The mechanism of neurite growth is complicated, involving continuous cytoskeletal rearrangement and vesicular trafficking. Cytohesin-2 is a guanine nucleotide exchange factor for Arf6, an Arf family molecular switch protein, controlling cell morphological changes such as neuritogenesis. Here, we show that cytohesin-2 binds to a protein with a previously unknown function, CCDC120, which contains three coiled-coil domains, and is transported along neurites in differentiating N1E-115 cells.

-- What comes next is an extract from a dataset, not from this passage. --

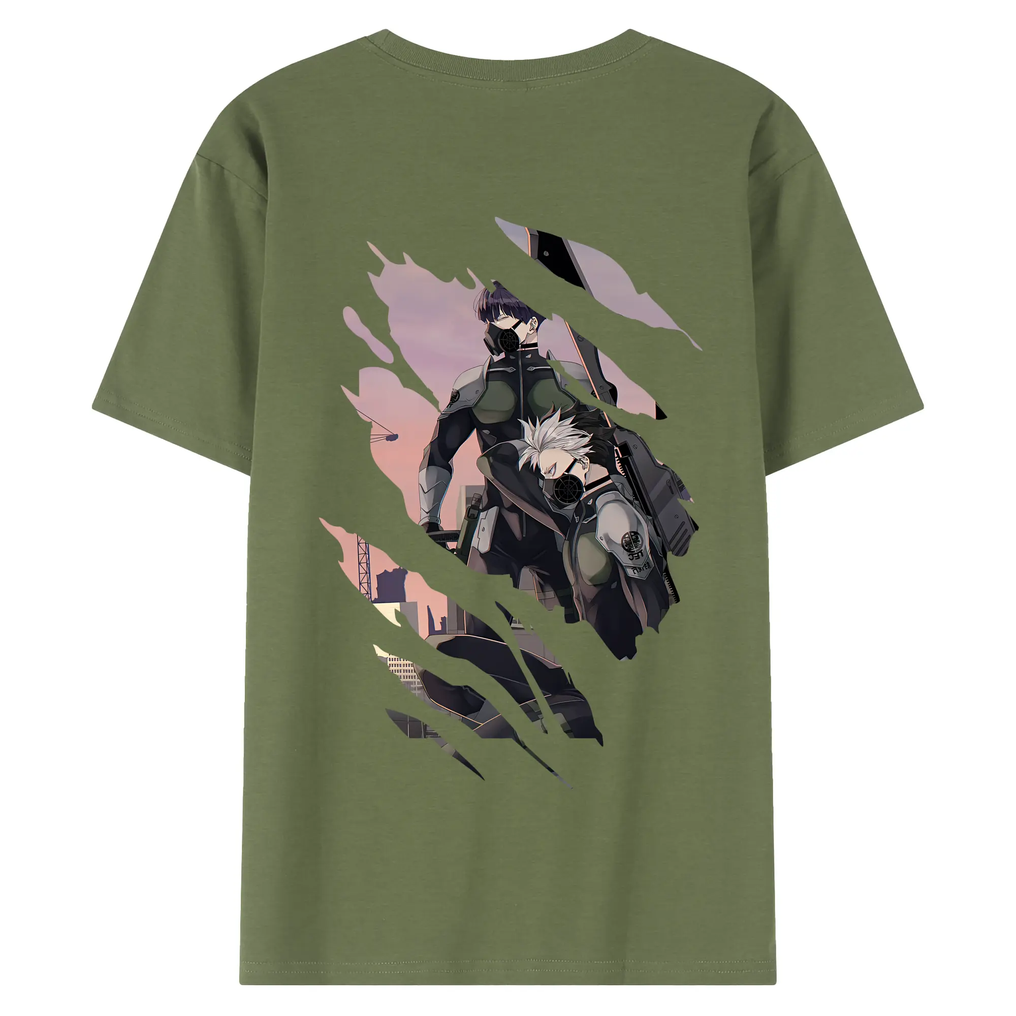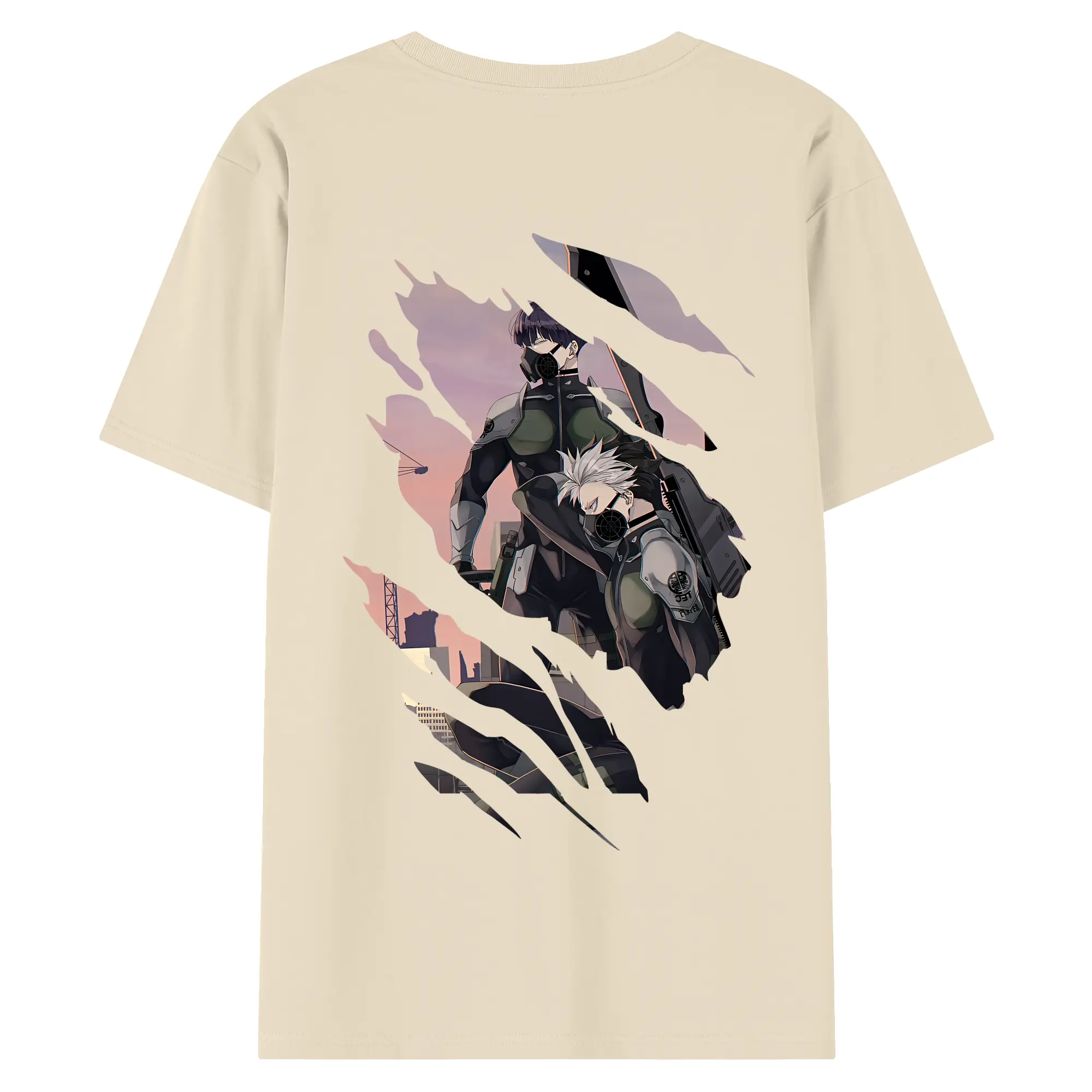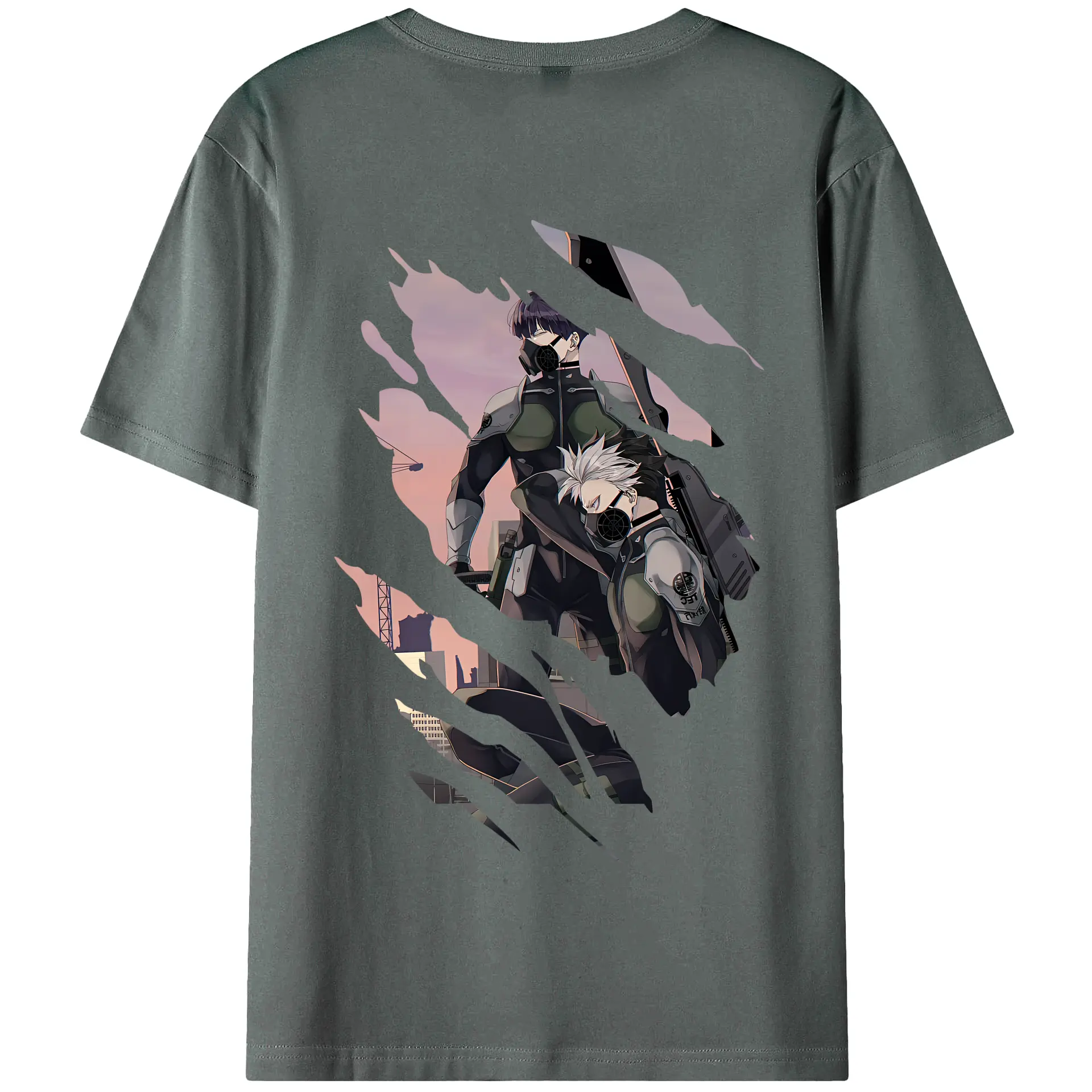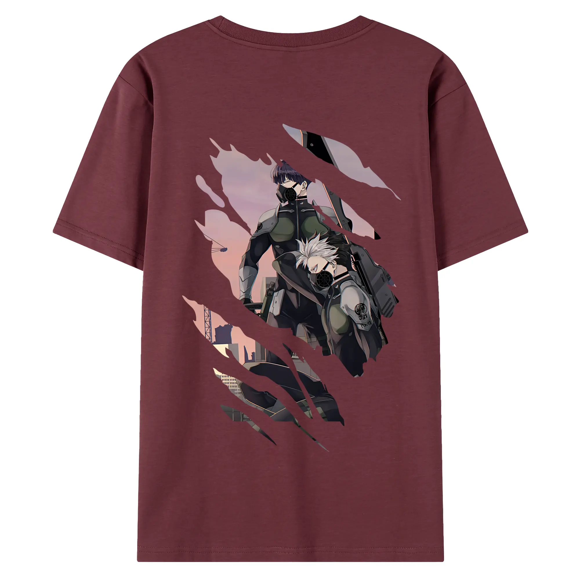 怪獣8号 グッズ,鳴海弦 - 綿100% ヴィンテージ風 半袖Tシャツ ・ 背面プリント ・ 柔らか肌触り ・ 通気性 快適 ・ スポーツ カジュアル 外出用

Transfection of the small interfering RNA (siRNA) specific for CCDC120 into cells inhibits neurite growth and Arf6 activation. When neurites start to extend, vesicles containing CCDC120 and cytohesin-2 are transported in an anterograde manner rather than a retrograde one. As neurites continue extension, anterograde vesicle transport decreases. CCDC120 knockdown inhibits cytohesin-2 localization into vesicles containing CCDC120 and diffuses cytohesin-2 in cytoplasmic regions, illustrating that CCDC120 determines cytohesin-2 localization in growing neurites. Reintroduction of the wild type CCDC120 construct into cells transfected with CCDC120 siRNA reverses blunted neurite growth and Arf6 activity, whereas the cytohesin-2-binding CC1 region-deficient CCDC120 construct does not. Thus, cytohesin-2 is transported along neurites by vesicles containing CCDC120, and it mediates neurite growth. These results suggest a mechanism by which guanine nucleotide exchange factor for Arf6 is transported to mediate neurite growth.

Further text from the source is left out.